§ Raw data
*****
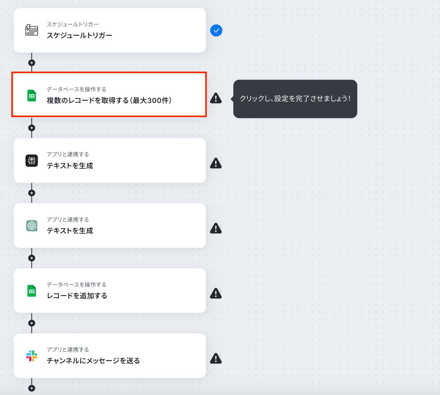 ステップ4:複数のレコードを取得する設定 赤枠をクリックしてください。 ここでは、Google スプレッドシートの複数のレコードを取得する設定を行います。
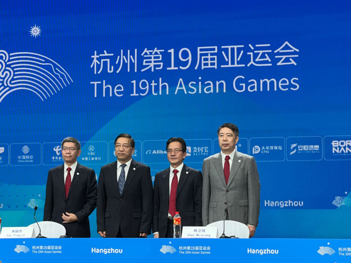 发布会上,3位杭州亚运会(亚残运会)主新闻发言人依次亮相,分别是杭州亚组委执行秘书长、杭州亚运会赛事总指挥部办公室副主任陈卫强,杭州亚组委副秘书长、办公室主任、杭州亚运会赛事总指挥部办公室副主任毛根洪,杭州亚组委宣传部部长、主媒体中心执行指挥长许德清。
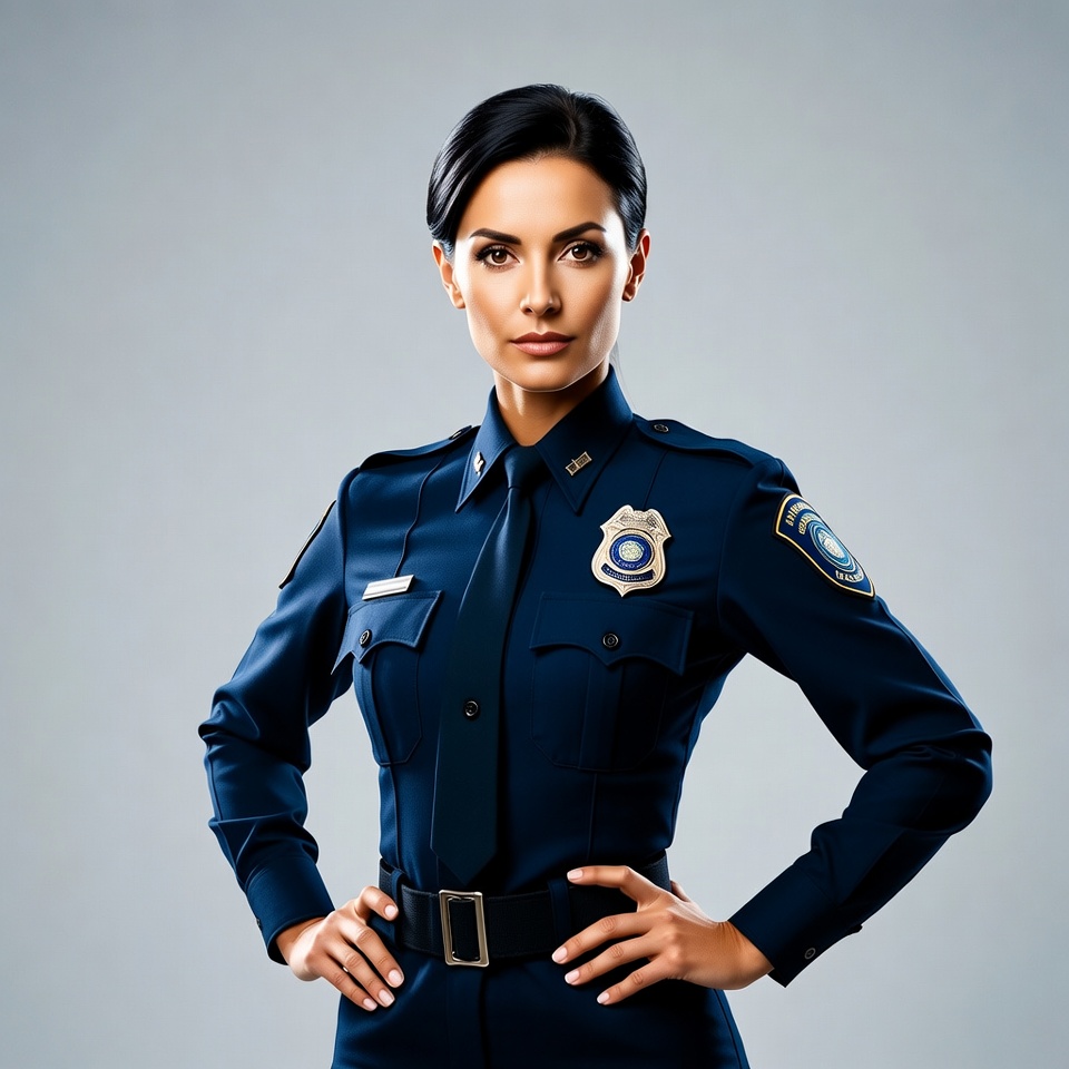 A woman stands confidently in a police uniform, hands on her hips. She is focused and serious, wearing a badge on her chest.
*****
The listing above is to be set down word for word, without its images.

§ Exercise result
 ステップ4:複数のレコードを取得する設定 赤枠をクリックしてください。 ここでは、Google スプレッドシートの複数のレコードを取得する設定を行います。
 发布会上,3位杭州亚运会(亚残运会)主新闻发言人依次亮相,分别是杭州亚组委执行秘书长、杭州亚运会赛事总指挥部办公室副主任陈卫强,杭州亚组委副秘书长、办公室主任、杭州亚运会赛事总指挥部办公室副主任毛根洪,杭州亚组委宣传部部长、主媒体中心执行指挥长许德清。
 A woman stands confidently in a police uniform, hands on her hips. She is focused and serious, wearing a badge on her chest.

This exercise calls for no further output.